WALTER WHETJI, RICKETTS CONSERVATION FOUNDATION: I think if you look back on some of the history of diseases like this, pathogens that have gone through North America, the classic case is chestnut blight which came into the U.S. in the late 1800s.  And forty years later there were no American Chestnut left in the forest.

DIANA TOMBACK: If we fail to do anything for whitebark pine … we are going to end up with many regions of our high mountain areas without it and we’d lose the ecosystem services, the wildlife food, the habitat protection, the watershed protection. It will be very apparent that some cataclysm affected our Western forests mightily on a large scale.

JAKE BAKER, USDA FOREST SERVICE: (I don’t think I need it.) So, as we’re coming through here we’re looking for trees that we know to be genetically resistant to blister rust.  So, these are the ones we’re going to be caging in today.

DIANA TOMBACK:We have no cure for white pine blister rust and … the only recourse we have is to look for the small number of individuals in each population that seems to have natural genetic resistance. Those individuals are the foundation of restoring whitebark pine.

JAKE BAKER: These cones will be shipped to the Coeur d’Alene nursery in Idaho and eventually used to grow seedlings in the nursery.

ARAM ERAMIAN, USDA FOREST SERVICE: The seedlings we are growing have some level of resistance to blister rust.On average, we’re growing about 150,000 seedlings per year…  150,000 one-year-old seedlings, 150,000 two-year-old seedlings.

ERIKA WILLIAMS, USDA FOREST SERVICE: When we plant trees the first thing is we really look for an excellent planting location.  We’re looking for, like, a log that’s down or maybe a stump; something that’s going to provide shade and hold some moisture and give it the best life and the best start that it can have.

ARAM ERAMIAN: It’s very gratifying to go out and see these seedlings on the landscape… it is very humbling I’ll say that we are having such an impact.

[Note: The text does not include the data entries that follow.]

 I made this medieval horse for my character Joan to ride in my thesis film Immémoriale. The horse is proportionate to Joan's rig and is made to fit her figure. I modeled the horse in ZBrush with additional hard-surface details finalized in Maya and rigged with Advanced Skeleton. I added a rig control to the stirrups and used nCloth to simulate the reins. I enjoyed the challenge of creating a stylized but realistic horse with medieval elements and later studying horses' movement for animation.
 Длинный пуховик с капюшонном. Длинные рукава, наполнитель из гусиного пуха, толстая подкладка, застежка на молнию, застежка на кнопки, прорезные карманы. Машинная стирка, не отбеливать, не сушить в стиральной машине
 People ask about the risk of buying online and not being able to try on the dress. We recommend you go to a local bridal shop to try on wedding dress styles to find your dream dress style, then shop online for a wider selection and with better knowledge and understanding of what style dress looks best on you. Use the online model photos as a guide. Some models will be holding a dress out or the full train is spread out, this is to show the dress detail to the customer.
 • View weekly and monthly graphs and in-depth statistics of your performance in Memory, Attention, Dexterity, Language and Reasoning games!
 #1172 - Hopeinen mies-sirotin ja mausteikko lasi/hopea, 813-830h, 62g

And in the special case, the whitebark pine where this is a threatened species, we’re able to recreate it and put it back on site.

MELISSA JENKINSI have a lot of hope for the future of whitebark pine because I see the passion in the people who are working to restore it… They’re doing the research … planting trees, collecting cones, … growing all the seedlings… and I look at all these marvelous, passionate, committed people. And I – can’t help but have hope.

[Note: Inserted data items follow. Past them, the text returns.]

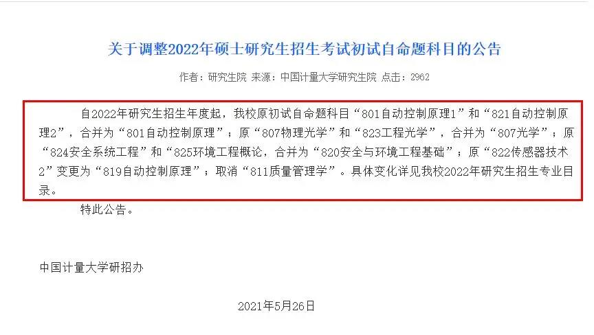 中國計(jì)量大學(xué)初試自命題科目有所變更:
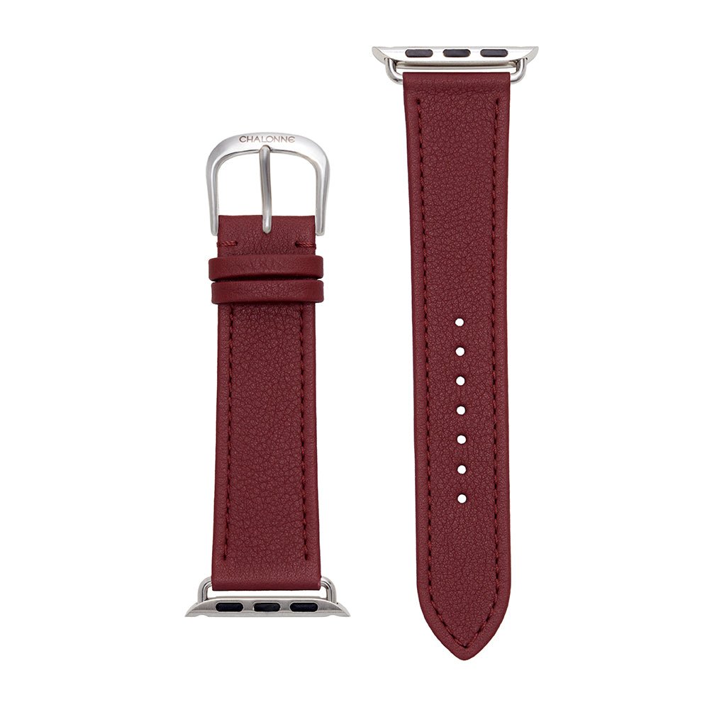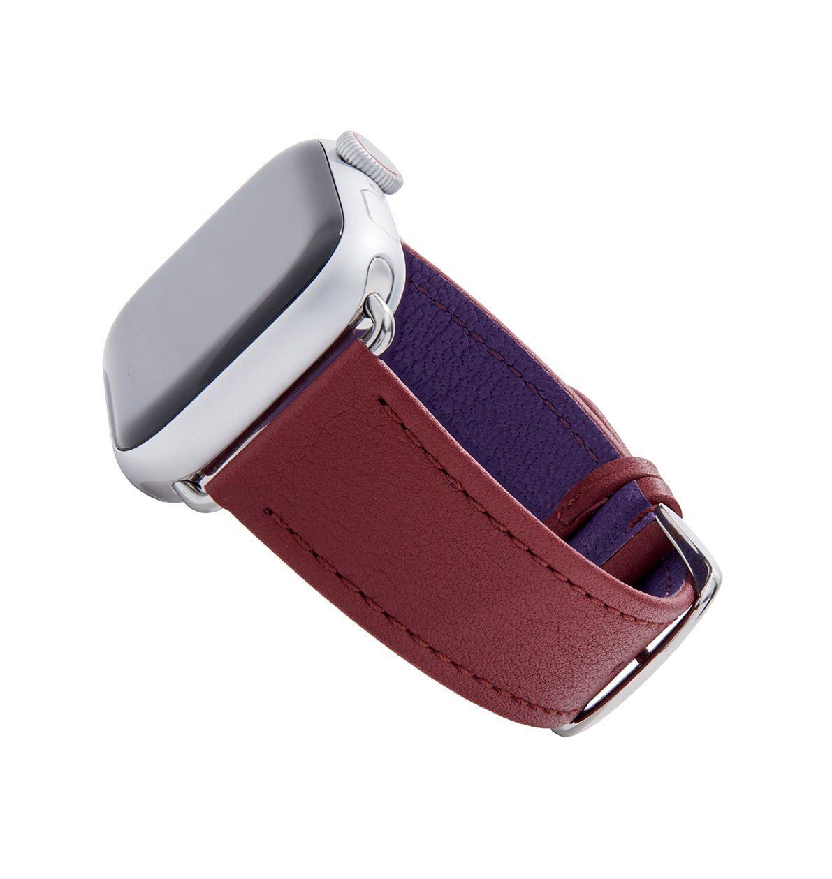 The Sorrento in Rouge is a lovely, brownish-red calfskin leather with coordinating stitching. Each band is handcrafted in France in small batches with meticulous attention to detail, using only the finest quality leather.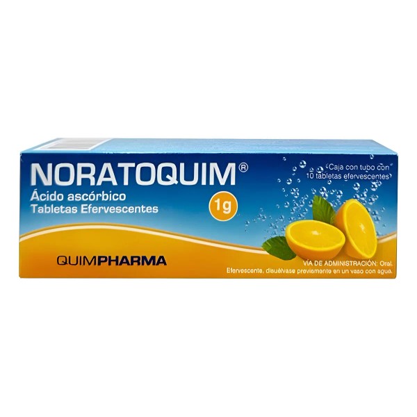 La Vitamina C 1 G de Noratoquim se presenta en una caja con 10 tabletas efervescentes, cada una con una dosis de 1 gramo de ácido ascórbico (vitamina C). Estas tabletas están diseñadas para disolverse en agua, lo que facilita su consumo y permite una rápida absorción en el organismo.
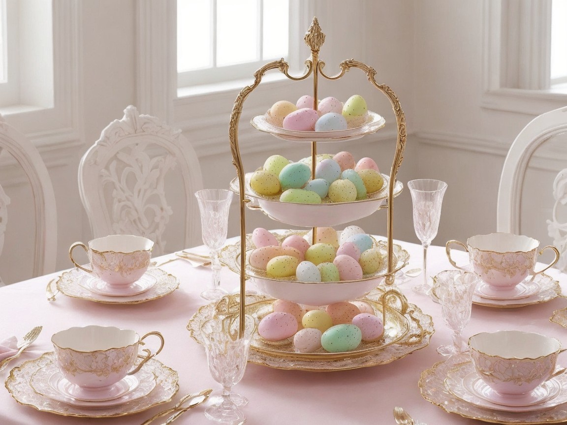 A beautifully set table features an elegant three-tier stand filled with pastel-colored Easter eggs. Delicate china teacups and plates, adorned with gold accents, enhance the festive ambiance.

DIANA TOMBACK:We have a lot of people that care about the fate of this tree … But we’re realistic because we’ve moved an inch and we know that we’ve got a mile to go.

ELIZABETH PANSING: I am incredibly optimistic about the future of whitebark. I am incredibly sad about what the landscape looks like currently, but I can’t imagine looking at this as the death knells. It’s not.

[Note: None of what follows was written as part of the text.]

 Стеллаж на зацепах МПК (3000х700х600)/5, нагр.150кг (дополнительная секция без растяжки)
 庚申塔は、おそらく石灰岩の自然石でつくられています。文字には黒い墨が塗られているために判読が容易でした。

LIZ DAVEY:  Restoration is totally possible. We’ve done it. We are doing it. And we’ll continue to do it. I want to be able to leave something for the next generation so that they can participate and see what I’m seeing and experience what I experience. When you’re up at that high elevation, and you’re sitting in a whitebark pine stand, and the Clark’s Nutcrackers are flying around, it’s just … it’s magical. And I shouldn’t be the only one who gets to experience that. 

MIKE DURGLO: You gotta think, like, you know, this is not just for me. It’s for the future generations. The forestry program for the first time in our history planted 2,000 trees.  I won’t see those trees mature. But our grandchildren and our children our going to see those trees mature. And that’s, to me, what it’s all about.

DAVID LYTLE, USDA FOREST SERVICE:  About 90 percent of whitebark pine occurs on public lands in the United States.  So it’s critically important that we as public land management land agencies are actively involved in whitebark pine conservation.

TRACY STONE-MANNING: I think the responsibility to restore whitebark Pine rests with us all.  No matter where the pine grow we all have an obligation to make sure that this species, which is just so critical for high elevation habitat, doesn’t wink out on our watch.

MELISSA JENKINS: The more that I’ve worked with whitebark, the more that I have hope, because I understand now that there are things, we can do about it. We have a plan forward. We know how to restore the species. Now we need the resources to do that. One of my favorite quotes …. It goes, “The true meaning life is to plant trees under whose shade you do not expect to sit.”

[music resolves]

[nutcracker and chickadee calls]

[wind noise]]

End of Transcript


Scaling Up the Science of Sound Analysis

Since developing the world’s first bird recording device 90 years ago, the Cornell Lab has been committed to technology and innovation that support discovery. Today we are decoding the sounds of the natural world—from an app that can identify bird songs, to recorders that can reveal the soundscapes of an entire ecosystem. As our expertise in the biological world joins forces with world-leading big-data analysis and machine learning, we are expanding what’s possible in conservation.

Highlight: What started as a project to monitor owls in California has blossomed into a complex operation that demonstrates the possibilities of passive acoustic monitoring. The K. Lisa Yang Center for Conservation Bioacoustics now has 2,000 recording units spread throughout 7,000 square miles of the Sierra Nevada. The array uses BirdNET to continuously detect and identify virtually every bird species in the region, as well as projects to monitor the return of gray wolves and to detect populations of endangered Yosemite toads.


Saving the Planet Will Require Interdisciplinary Science

We bring together scientists with a diversity of perspectives to practice alongside artists, data scientists, engineers, and archivists. Using this interdisciplinary, tech-forward approach we train and equip the next generation of science leaders.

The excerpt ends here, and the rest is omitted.